| Title: | Hypergraph Variable Selection |
| Version: | 1.0.0 |
| Description: | Performs hypergraph-based setwise variable selection with false discovery rate control (Organ, Kenney & Gu, 2026, <doi:10.48550/arXiv.2606.20514>). The idea is, in addition to selecting individual predictors when there is sufficient evidence, to also test all pairs of predictors, and when there is insufficient evidence to be sure which is the true predictor, it will select possibly overlapping pairs, for which there is strong evidence that at least one is a true predictor. The method is designed to control a generalised false discovery rate, where discoveries are counted based on the number of independent sets. The function of this package is similar to the 'hypergraph.sizing' package, but this package is optimised for faster computation in the case where we test all pairs of predictors. The package also includes functions for counting independent sets in a graph or hypergraph, either exactly or approximately. There is also a very limited function for isotonic regression, which is designed for fast computation in the specific case needed for hypergraph variable selection, rather than for general use. |
| Depends: | R (≥ 3.2.3) |
| License: | GPL-3 |
| Encoding: | UTF-8 |
| NeedsCompilation: | yes |
| Maintainer: | Toby Kenney <tkenney@mathstat.dal.ca> |
| LinkingTo: | Rcpp |
| Packaged: | 2026-06-24 11:59:05 UTC; tkenney |
| Author: | Toby Kenney [cre], Sarah Organ [aut] |
| Repository: | CRAN |
| Date/Publication: | 2026-06-30 11:30:20 UTC |
Convex hull of a sorted set of coordinates
Description
Finds the upper convex hull of a sorted set of 2-dimensional coordinates.
Usage
convex.hull(x,y)
Arguments
x |
A vector of x coordinates of points. This vector is assumed sorted. |
y |
A vector of the corresponding y coordinates. Assumed to be the same length as x. |
Details
Finds the convex hull of the points {(x[1],-Inf),(x[1],y[1]),(x[2],y[2]),...,(x[n],y[n]),(x[n],-Inf)} where n is the length of the vector x. This function is designed to be used internally for isotonic regression, which is in turn used internally for the select.cutoff function. It is designed to be very efficient for this case, but not for general use - it is not flexible and has no error checking.
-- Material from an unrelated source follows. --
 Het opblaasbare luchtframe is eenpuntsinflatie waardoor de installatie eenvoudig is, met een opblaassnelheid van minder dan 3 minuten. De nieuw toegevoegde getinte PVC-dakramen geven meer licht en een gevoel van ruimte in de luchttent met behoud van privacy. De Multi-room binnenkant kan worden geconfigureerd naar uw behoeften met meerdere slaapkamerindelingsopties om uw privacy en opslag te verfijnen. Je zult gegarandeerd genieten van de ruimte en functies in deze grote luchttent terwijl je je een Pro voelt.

The method works by a divide-and-conquer approach. It divides the data in half, finds the convex hulls for both halves, then removes any middle points that are not in the combined convex hull. This results in a linear-time algorithm.
Value
A vector of indices, indicating which points are in the convex hull.
Author(s)
Toby Kenney
Examples
set.seed(1)
x<-seq_len(1000)
y<-runif(1000)*x*(1001-x)
hull<-convex.hull(x,y)
graphics::plot(x,y)
graphics::points(x[hull],y[hull],col="red",type='b')
Count the number of independent sets for a graph
Description
Counts the number of independent sets (or equivalently vertex covers) in a graph.
Usage
count.indep(G,cutoff,method="exact",samp.size=1000)
count.vc(G,cutoff,method="exact",samp.size=1000)
Arguments
G |
The graph, represented as a square matrix. The edges are the values smaller than the cutoff parameter. |
cutoff |
A value separating edges and non-edges of the graph. |
method |
A list of methods to use. The options are "exact" and "importance_sample". The "exact" method is computationally expensive, but counts the exact number of independent sets (or vertex covers). The "importance_sample" method uses a sequential importance sampling scheme to approximate the number of independent sets. |
samp.size |
For the approximate methods, this is the number of samples used to approximate the number of independent sets. Larger values take proportionately longer, but produce more accurate values. |
Details
An independent set for a graph is a set that contains no edges. A vertex cover is a set that has non-empty intersection with every edge. The complement of an independent set is a vertex cover. These functions count the number of independent sets for a graph. The "exact" method exactly counts the number of independent sets by recursively partitioning into sets that contain a specific vertex and sets that do not. Since counting the number of independent sets in a graph is NP-hard, this is computationally expensive. The "importance_sample" method uses a random importance sampling scheme that sequentially samples independent sets starting from the empty set and adding one element each time. The samp.size parameter is the number of such sequences generated.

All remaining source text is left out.